--- Supplied material ---
^^^^^^^^^^^^^^^^
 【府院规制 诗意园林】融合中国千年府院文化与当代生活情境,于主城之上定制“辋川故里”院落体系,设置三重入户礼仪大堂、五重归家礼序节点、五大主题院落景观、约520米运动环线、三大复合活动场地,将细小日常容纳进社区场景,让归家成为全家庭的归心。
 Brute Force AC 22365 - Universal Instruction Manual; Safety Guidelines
^^^^^^^^^^^^^^^^
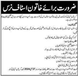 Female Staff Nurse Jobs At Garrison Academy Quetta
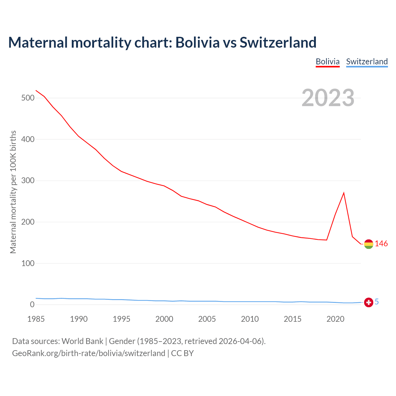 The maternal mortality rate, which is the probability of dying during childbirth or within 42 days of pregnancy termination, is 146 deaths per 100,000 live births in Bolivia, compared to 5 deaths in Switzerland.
^^^^^^^^^^^^^^^^
Quote word for word only the lines above from the one containing "Female Staff Nurse" through the one containing "The maternal mortality". Pictures stay out of your copy.

 Female Staff Nurse Jobs At Garrison Academy Quetta
 The maternal mortality rate, which is the probability of dying during childbirth or within 42 days of pregnancy termination, is 146 deaths per 100,000 live births in Bolivia, compared to 5 deaths in Switzerland.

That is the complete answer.